I wanted to make a structure to house the works I was making, almost as if creating a shelter for them. I suppose I was thinking a lot about temporary or make shift tents and basic forms of protection. I used an existing poly tunnel because I wanted to develop a sense of growth or nurturing in a man made environment and felt like that contradicted the more domestic elements in the show. In a more psychological way, I was interested in how it could become a holding space for different ideas and narratives I was thinking about, almost like somewhere between dream and reality.

Alicia Reymond

We can also see a continuance between Underfoot and Singed Lids in terms of materials (your use of epoxy resin for its translucent quality for example). You also once again cast body parts and seats but you are dealing here with a much more personal and domestic subject.

Indeed, you often reference a personal narrative in your work. In a way, I feel that history and personal life melt in your research. Here, you are touching upon the idea of home in relation to personal memories of home, your mum’s. What drew you to deal with domesticity, as well as personal histories in a more obvious yet radical way in this exhibition?

Rebecca Ackroyd

The show was born out of a conversation with my mum when she was telling me about walking through London with bare feet in the sixties.  I kept coming back to the idea of younger generations shedding the ideals of an older generation, especially post WW2. There seemed to be a historical projection that life went from black and white to a more vibrant explosion of colour and energy. 

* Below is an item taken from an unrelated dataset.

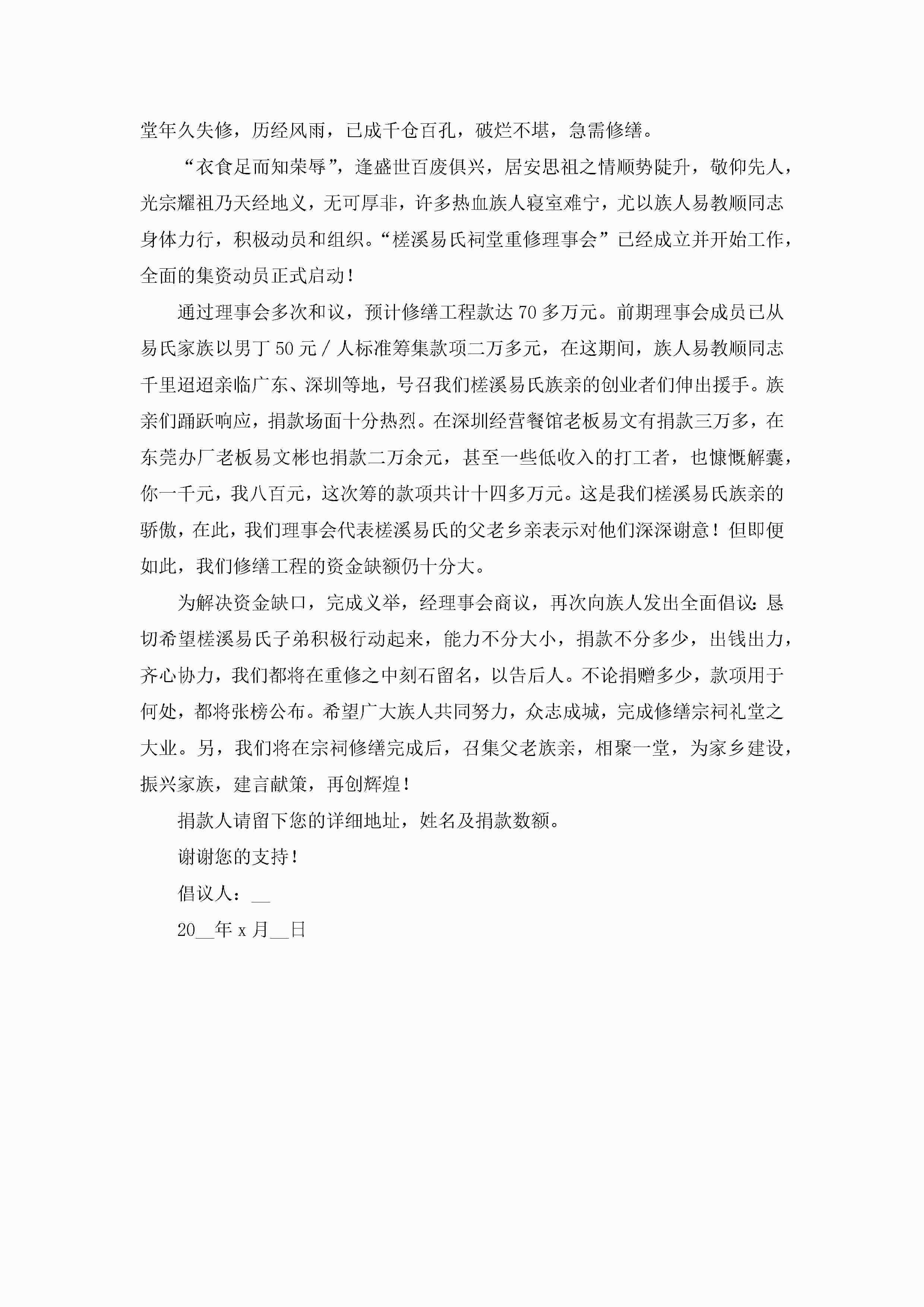 祠堂修建募捐倡议书范本【通用8篇】jugei3月22日 16:27发布关注386 祠堂修建募捐倡议书范本【通用8篇】此内容为付费资源,请付费后查看¥10.9 单篇文档限时特惠¥15个人会员开通企业会员开通立即下载无需登陆!可直接快捷下载单个模板付费资源© 版权声明THE ENDWord模板# 实用文档# 实用模板# 信函模板# 倡议书 如有问题,可点击最底部“联系我们”联系客服 分享QQ空间微博QQ好友海报分享复制链接收藏

I wanted to explore how nostalgia might tinge the reality of these times in a more optimistic or romanticised way and how, more generally, history can become skewed in a way that is disjointed from the actual experience of living through the time, particularly these important moments in cultural change.

Alicia Reymond

I particularly enjoy how you address the idea of lineage, intergenerational female experiences, as well as the listening to individuals (lost) stories. Could you expand on that?

Rebecca Ackroyd

For the show I cast body parts of my mum, dad, sister and niece, which felt a bit like capturing a particular moment in a body and freezing it before it grows or changes and eventually disappears. I wanted to relate to the idea of nostalgia and longing for another time and I started recording conversations with my mum about her experiences growing up, which I eventually used as the text to accompany the show.  Through our conversations I lifted certain sentences or paragraphs and then pasted them in no particular order and unrelated to the chronology. I wasn’t interested in creating a linear narrative with a beginning, middle and end.

Memories are in themselves fragments of a bigger picture, individually they give a window into a particular time in a person's life without having to know the rest of their history.  I wanted to use the conversations with my mum as a way into different periods of time in the twentieth century, to use her almost like a portal into a world I don’t know.